Eines der Haupthindernisse auf dem Weg zur sofortigen Räumungsoperation sind laut Mansfield die fehlenden Informationen darüber, wo und wie Munition eingesetzt wurde.

Ausserdem sei die Suche nach Minen ein mühsamer Prozess. Dazu Mansfield: «Wenn wir nicht wissen, was geschehen ist und wer was getan hat, ist das sehr schwierig.»

Minenräumung sei ein langsamer Prozess, besonders wenn die Minen rund um Dörfer und Strassen sowie in der Nähe von Wasser-Bezugsstellen vergraben seien.

«Man muss buchstäblich jeden Zentimeter Boden mit einem Metalldetektor, einem Hund oder einer Maschine absuchen, um die Minen zu finden und zu zerstören», so Mansfield.

Ein altes Problem

Die Nichtregierungs-Organisation (NGO) Human Rights Watch schätzt, dass im Irak Millionen von Minen liegen. Wie viele es wirklich sind, sei aber unmöglich zu sagen. Wegen des Kriegs mit dem Iran in den 80er-Jahren und dem Golfkrieg von 1991 wurde das Land lange vor dem gegenwärtigen Konflikt mit Landminen übersät.

«Ich war auf der iranischen Seite der Grenze und sah dort meilenweit Schützengräben, Stacheldraht und Landminen, die aus dem Boden hervorragten. Auf der irakischen Seite ist es sicher nicht anders», ist Mansfield überzeugt.

Und: «Im Golfkrieg von 1991 wurden Minen im Kurdengebiet im Norden des Landes gelegt: Es gab also schon damals ein schwerwiegendes Landminenproblem im Irak.»

Streubomben

Laut Human Rights Watch sind die Landminen nicht das einzige Problem für die Räumungsexperten im Irak. Die NGO beschuldigte vor kurzem die USA des Einsatzes von so genannten «Streubomben» («cluster bombs»), die sehr oft erst zu einem späteren Zeitpunkt explodieren.
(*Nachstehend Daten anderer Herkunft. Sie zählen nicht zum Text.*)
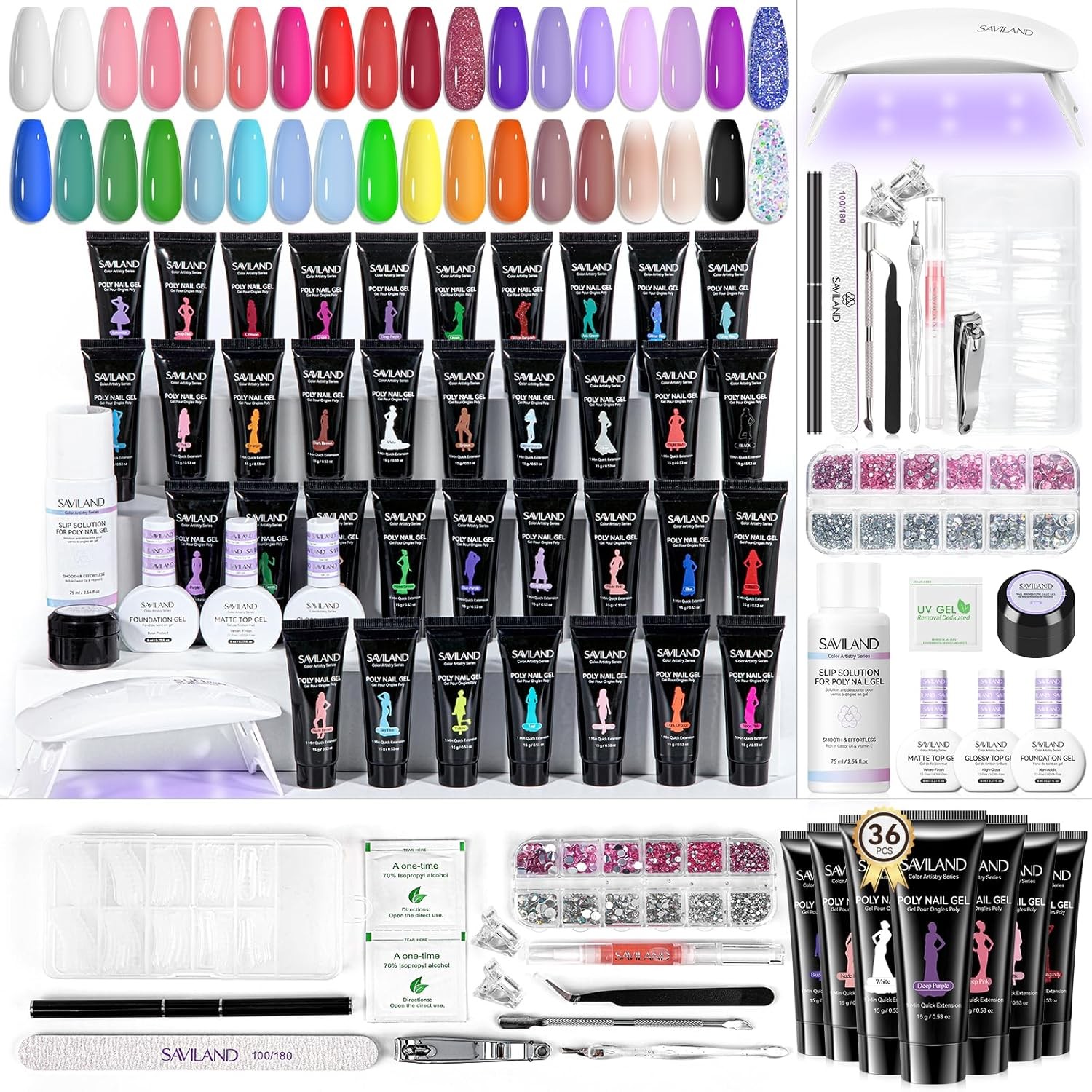 SAVILAND Color Artistry Glow & Go Poly Nail Gel Kit: 36 Vivid Colors Polygel Na

«Streubomben sind ein Problem, weil sie in grossen Mengen abgeworfen werden», erklärt Mansfield. «Die Behälter können sechs bis siebenhundert Streubomben enthalten. Sie sind ziemlich klein und deshalb schlecht sichtbar, obwohl sie auf der Oberfläche liegen bleiben.»

«Die USA sollten solche Waffen nicht einsetzen», sagt Steve Goose, Direktor bei Human Rights Watch. «Die irakische Zivilbevölkerung wird noch jahrelang mit ihrem Leben bezahlen müssen.»

Das US-Zentralkommando hatte Anfang April eingestanden, dass im Irak-Krieg Streubomben verwendet wurden.

Kontroverse in dr Schweiz

In der Schweiz geriet der staatliche Rüstungshersteller Ruag in die Schlagzeilen, weil er Streubomben für Schweizer Schützenpanzer herstellt – und das, obwohl die Produktion ähnlicher, aus der Luft abgeworfener Munition in der Schweiz seit Ende der 90er-Jahre verboten ist.

«Die Produktion wurde aus humanitären Gründen eingestellt, und gelagerte Streubomben, die aus der Luft abgeworfen werden könnten, wurden vernichtet», erklärte Oswald Sigg, Sprecher des Eidgenössischen Departements für Auswärtige Angelegenheiten (EDA) vor kurzem in der Deutschschweizer Zeitung Tages-Anzeiger.

Bei Ruag war auf Anfrage von swissinfo niemand zu einem Kommentar bereit.

swissinfo, Anna Nelson in Genf
(Übersetzung: Charlotte Egger)

Niemand kennt die genaue Anzahl aller Minenopfer weltweit. Nach UNO-Angaben sind monatlich mindestens 2000 Minenopfer zu beklagen, mehrheitlich Frauen und Kinder.

Im Irak liegen vermutlich Millionen von Minen vergraben.

Streubomben gehören zu den gefährlichsten modernen Waffen. Jede Bombe besteht aus bis zu 700 kleinen Bomben, die über eine grosse Fläche verstreut werden und anschliessend explodieren. Fünf bis zehn Prozent der kleinen Bomben bleiben als Blindgänger zurück. Minen gleich können sie explodieren, wenn sie berührt oder aufgehoben werden.

Humanitäre Organisationen befürchten, dass es bis zu 10 Jahre dauern könnte, Irak von Landminen und nicht explodierter Munition (Streubomben) zu säubern.

Diese könnte den Wiederaufbau des Landes erheblich verzögern.